#### Data segment

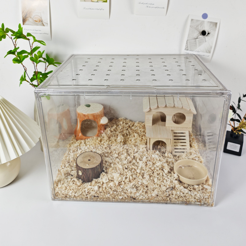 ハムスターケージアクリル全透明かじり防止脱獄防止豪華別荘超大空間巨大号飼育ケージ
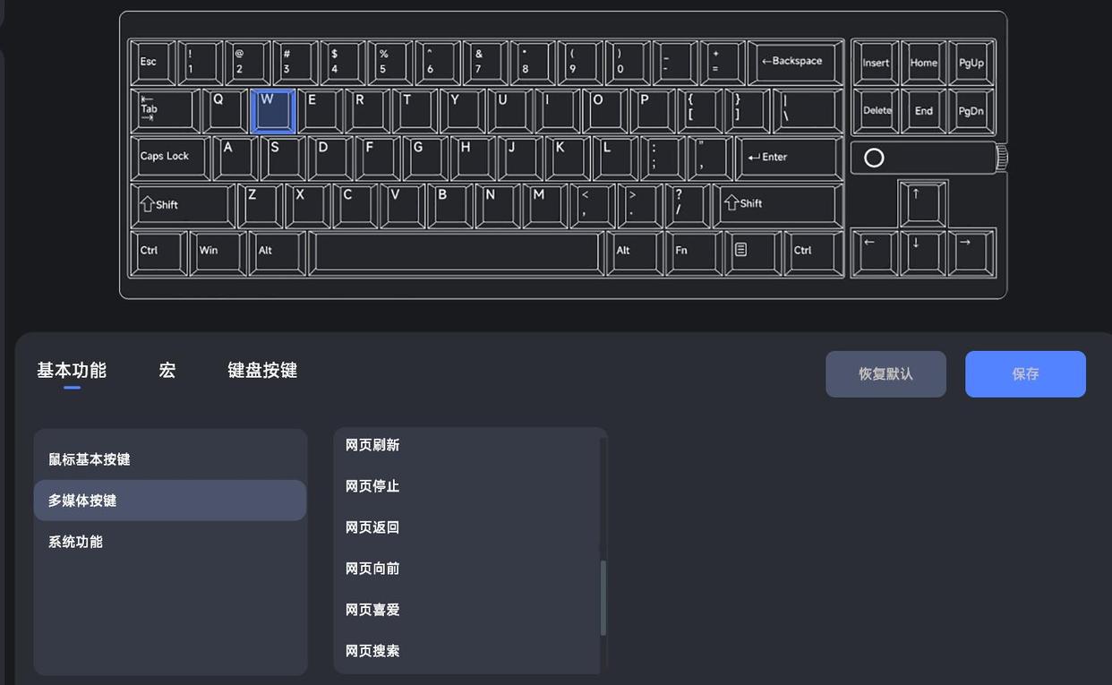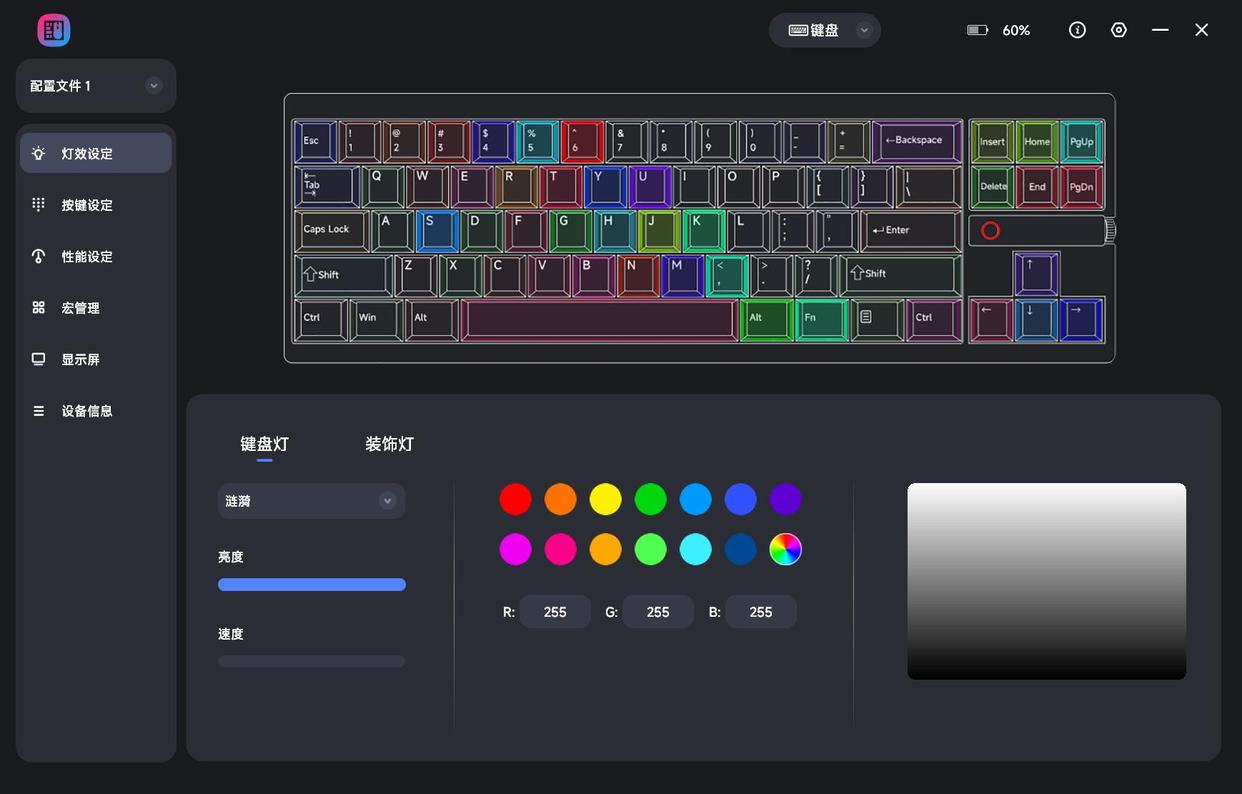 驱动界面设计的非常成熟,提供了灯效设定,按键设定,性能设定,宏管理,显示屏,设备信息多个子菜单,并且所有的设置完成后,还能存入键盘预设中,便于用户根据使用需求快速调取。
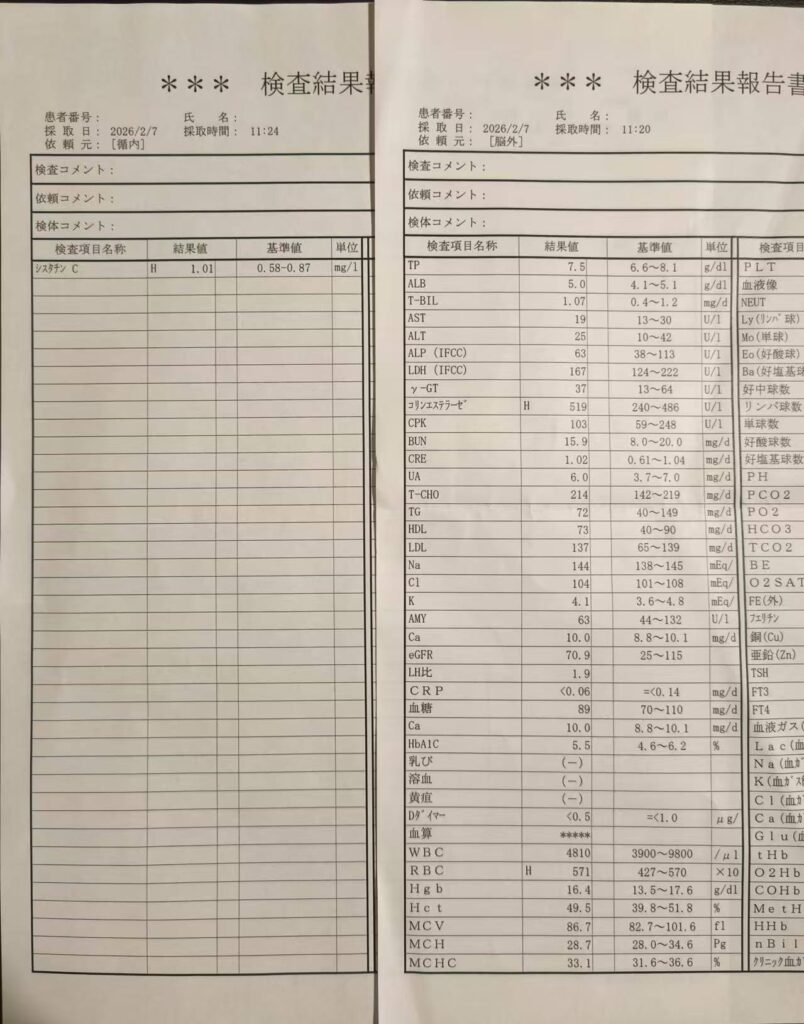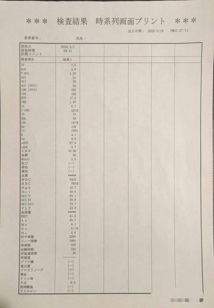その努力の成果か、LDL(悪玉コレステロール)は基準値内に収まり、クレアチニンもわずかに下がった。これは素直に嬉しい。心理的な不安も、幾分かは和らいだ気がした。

#### Aim of the task
Only the listing above, set down exactly and without pictures, belongs in the answer.

#### Solution
 ハムスターケージアクリル全透明かじり防止脱獄防止豪華別荘超大空間巨大号飼育ケージ
 驱动界面设计的非常成熟,提供了灯效设定,按键设定,性能设定,宏管理,显示屏,设备信息多个子菜单,并且所有的设置完成后,还能存入键盘预设中,便于用户根据使用需求快速调取。
その努力の成果か、LDL(悪玉コレステロール)は基準値内に収まり、クレアチニンもわずかに下がった。これは素直に嬉しい。心理的な不安も、幾分かは和らいだ気がした。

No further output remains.